Religieuse française rouée de coups à Jérusalem : un suspect de 36 ans arrêté
Une chercheuse de l'École biblique projetée sur une pierre près du Cénacle. Le mobile nationaliste examiné.
Mardi 28 avril 2026, près du tombeau de David, une religieuse française de 48 ans est projetée au sol et rouée de coups. Un homme de 36 ans est en garde à vue.
Les enjeux
Ce qu'il faut comprendre
Une chercheuse française attaquée près d'un lieu saint
Une religieuse de 48 ans projetée sur une pierre puis rouée de coups près du Cénacle, sur le mont Sion, le 28 avril 2026. L'EBAF, son institution, est française : 10 % de son budget vient du Quai d'Orsay, ce qui place la victime sous protection consulaire.
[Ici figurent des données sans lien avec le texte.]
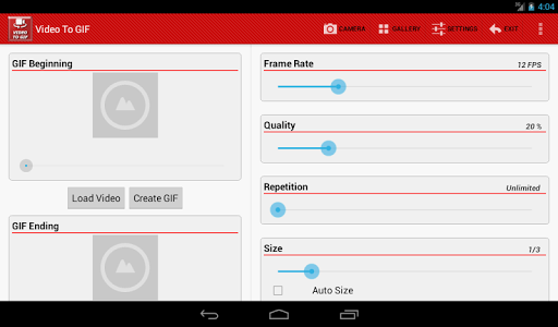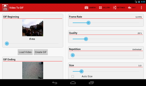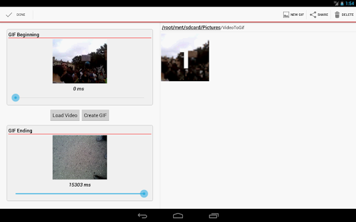 Keep it mind that you're using a mobile device and memory and other resources are limited. You can view the gif specs at the end of the main window. When gif is created touch and hold for view it in the gallery.

Un suspect lié au sionisme religieux extrême
Homme de 36 ans, portant le tzitzit, présenté par France Inter comme appartenant à la frange la plus radicale du sionisme religieux, le courant Hardal identifié par le Centre Rossing comme principal vivier des passages à l'acte antichrétiens.
Une qualification officielle qui hésite
Sur la vidéo d'arrestation, un policier qualifie déjà l'acte d'agression à mobile nationaliste. Le communiqué officiel, lui, dit examiner « tous les mobiles ». La section 144 du Code pénal israélien, qui sanctionne les crimes de haine, peut doubler la peine.
Une violence physique multipliée par plus de six
Le Centre Rossing recense 46 agressions physiques contre des chrétiens en 2024, contre 7 en 2023. Auteurs majoritaires : de jeunes ultra-orthodoxes nationalistes du courant Hardal.
Une génération chrétienne qui se prépare à partir
48 % des chrétiens de moins de 30 ans envisagent de quitter Israël. Un chrétien sur trois ne se sent pas accepté par ses compatriotes juifs israéliens.
L'essentiel
Ce qu'il faut retenir
- Religieuse française de 48 ans, chercheuse à l'École biblique de Jérusalem, agressée le 28 avril 2026 vers 17h30.
- Projetée sur une pierre puis rouée de coups près du Cénacle, sur le mont Sion. Hématome à la tempe, état de choc.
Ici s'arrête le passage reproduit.